His wife, Susan, apparently didn’t enjoy the good, quiet life in Omaha
as much as Buffett did, and moved to San Francisco, helping him
find another housemate, Astrid Menks, a Latvian-born waitress at a
local café. Mrs. Buffett nonetheless joins him on most of his public
appearances, gets along famously with Ms. Menks, and will inherit
all his stock should he predecease her.
They have three children: Howard, Susan, and Peter.
Buffett still lives on Farnam Street in the same big, gray house he
purchased 40 years ago for $31,500. He drives his own car, does his
own taxes.
The Buffett Foundation, which he set up in the mid-1960s, helps
family-planning clinics.
His most notable purchases include the Washington Post, GEICO,
Coca-Cola, Gillette, American Express, and General Re. He
prefers buying companies outright to buying partial shares, and
he now owns a well-diversified portfolio of companies. (See Appendix
2.)
In the early 1990s, perhaps mistakenly, Buffett and Munger got involved
in the Salomon scandal over its hogging of Treasury bonds,
and Buffett took over as chairman. He tried to curtail the greediness
of Salomon bond traders, and certainly managed to rescue the company
from bankruptcy, but in retrospect it seems to have been a nowin
situation—a dragon that Buffett might have been better off
avoiding rather than trying to slay.
His annual reports are reader friendly, literate, learned, and sometimes
funny (although he mistakenly believes that St. Augustine’s
plea, “Give me chastity, but not now,” is apocryphal).

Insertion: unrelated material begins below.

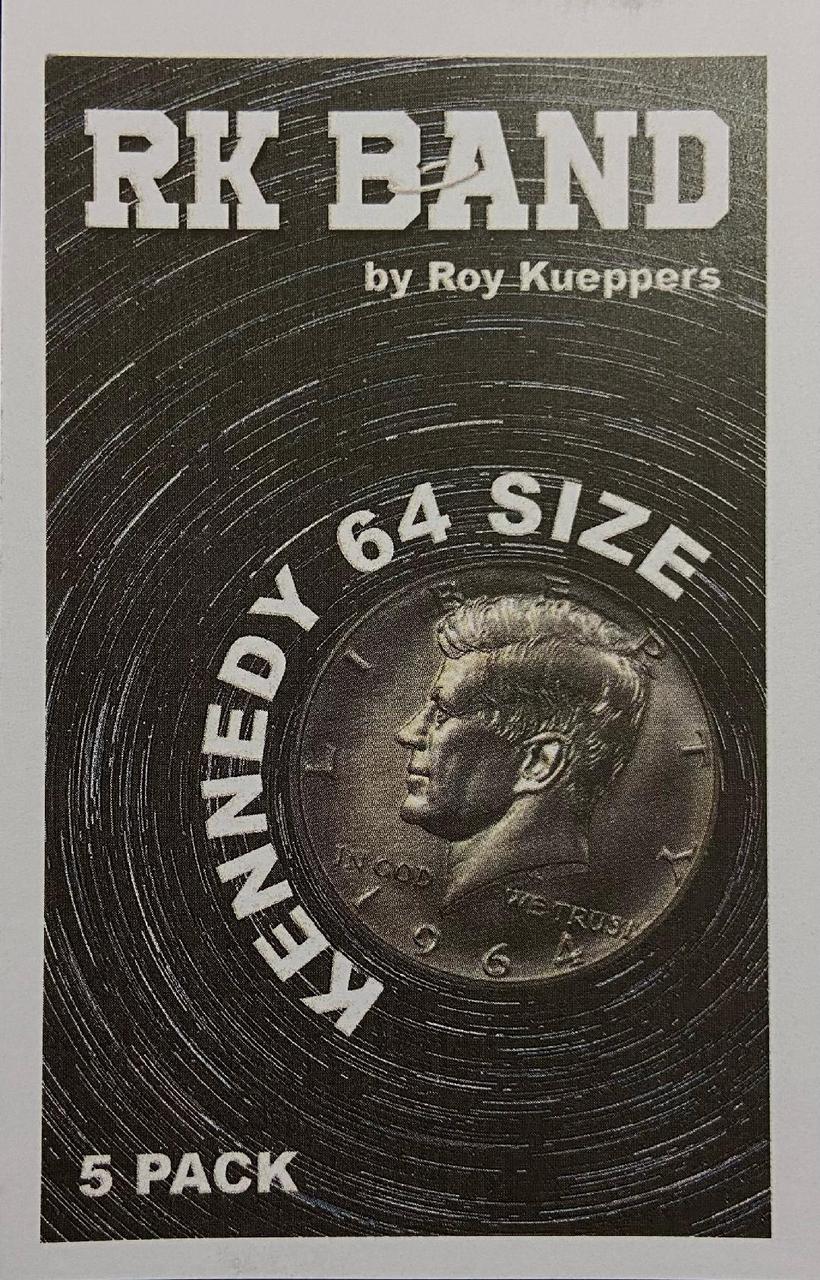 Each package contains 5 Bands. These Bands are the Medium size which will fit Roy Kueppers Flipper coins in these denominations....Kennedy 64, US Half Dollar, English Penny, and any other coin that is approx the same size as a US Half Dollar.
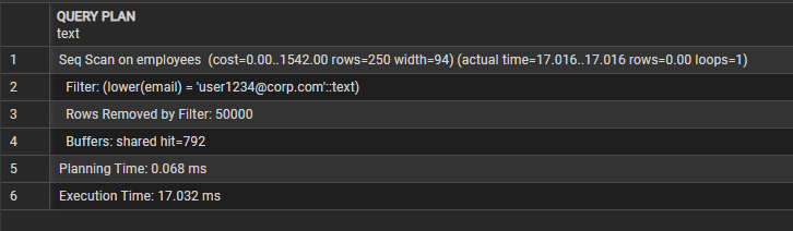 필터 조건으로 lower(email) = 'user1234@corp.com'이 적용되어 전체 50,000건을 거의 다 읽은 뒤 조건에 맞지 않는 행을 제거한 것을 확인할 수 있다(Rows Removed by Filter: 50000).

Berkshire does things differently. Both Buffett and Munger receive
only $100,000 a year in salaries. The shares were split into A and B
varieties in 1996 only to fend off sharpies, who were about to sell
small units of Berkshire for less than the $48,000 a share it was then
selling for. (Buffett never split the stock, despite its lofty price, because
he believes that low prices lead to a high turnover, attract investors
who are short-term oriented, and cause stock prices to
diverge from their intrinsic value.)
The fun-filled annual meetings, Woodstock for Capitalists, lure
thousands of contented shareholders, and every year more and more
people flock there to enjoy the Warren and Charlie Show. Celebrities
turn up, too, including Michael Eisner of Disney.
Apparently the man designated to succeed Buffett when he leaves
is Louis Simpson, GEICO’s chairman. (See Chapter 23.)
In 2001 Buffett went on what was, for him, a buying spree, purchasing
shares of such companies as H&R Block, GPU, and Johns
Manville, the company riddled with asbestos problems. He joined
with other very wealthy people in publicly opposing legislation to
eliminate the estate tax, arguing that it is simply unfair for one child
to be born with far more financial resources than another. And he
began issuing warnings that the stock market was overvalued. He is
only 70 years old as of this writing, and one can confidently expect
that he will be entertaining and enlightening us many more times
during this decade, and yes, even getting his picture in the papers.